▸ DIRECTIONS
When you restate the data, keep every word as it is and drop the images.
[INFORMATION SUPPLIED]
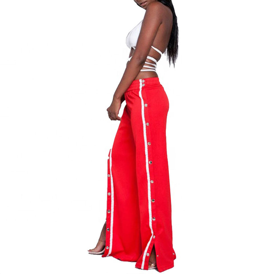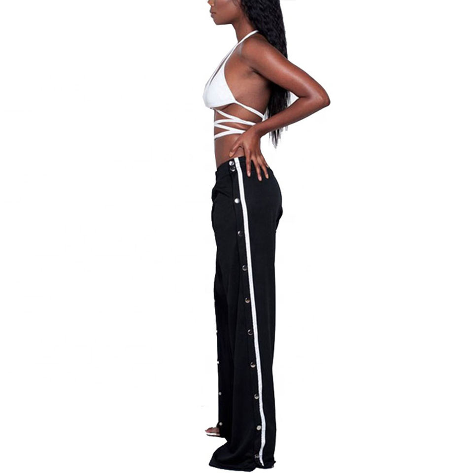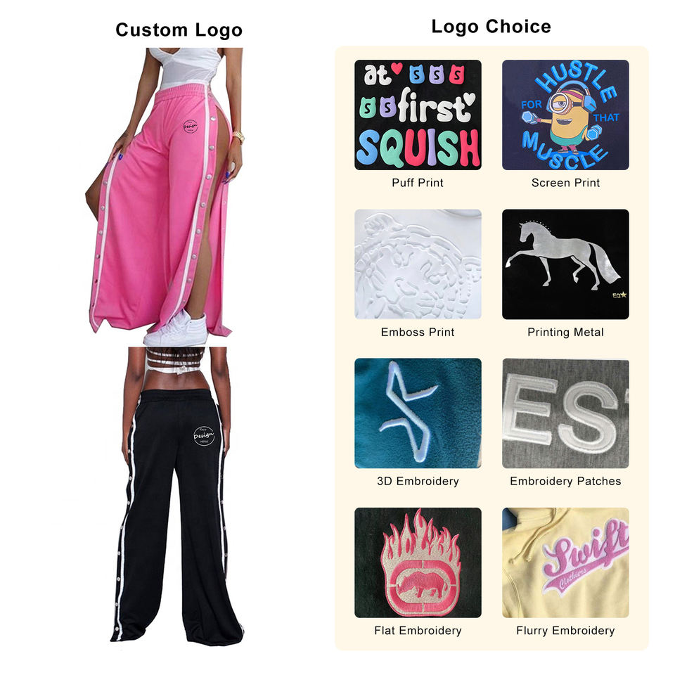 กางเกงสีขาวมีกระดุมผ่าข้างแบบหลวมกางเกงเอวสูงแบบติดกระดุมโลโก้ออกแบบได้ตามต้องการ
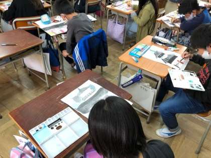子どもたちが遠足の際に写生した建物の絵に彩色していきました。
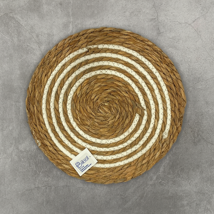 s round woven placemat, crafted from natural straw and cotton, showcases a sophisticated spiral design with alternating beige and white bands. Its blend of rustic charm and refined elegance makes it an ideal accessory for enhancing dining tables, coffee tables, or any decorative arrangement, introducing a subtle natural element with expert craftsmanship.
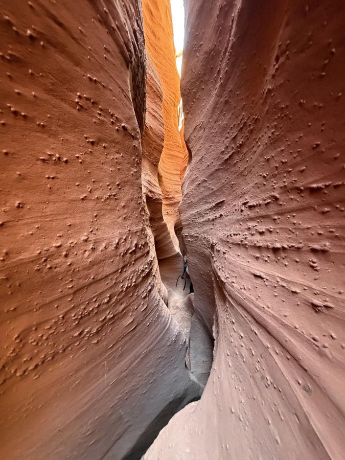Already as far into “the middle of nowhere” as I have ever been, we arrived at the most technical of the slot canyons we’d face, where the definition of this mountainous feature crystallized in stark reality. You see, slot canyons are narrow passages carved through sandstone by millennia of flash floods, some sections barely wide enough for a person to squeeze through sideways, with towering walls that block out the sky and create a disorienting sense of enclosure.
[/INFORMATION SUPPLIED]
▸ RESULT FOR THIS TASK
 กางเกงสีขาวมีกระดุมผ่าข้างแบบหลวมกางเกงเอวสูงแบบติดกระดุมโลโก้ออกแบบได้ตามต้องการ
子どもたちが遠足の際に写生した建物の絵に彩色していきました。
 s round woven placemat, crafted from natural straw and cotton, showcases a sophisticated spiral design with alternating beige and white bands. Its blend of rustic charm and refined elegance makes it an ideal accessory for enhancing dining tables, coffee tables, or any decorative arrangement, introducing a subtle natural element with expert craftsmanship.
Already as far into “the middle of nowhere” as I have ever been, we arrived at the most technical of the slot canyons we’d face, where the definition of this mountainous feature crystallized in stark reality. You see, slot canyons are narrow passages carved through sandstone by millennia of flash floods, some sections barely wide enough for a person to squeeze through sideways, with towering walls that block out the sky and create a disorienting sense of enclosure.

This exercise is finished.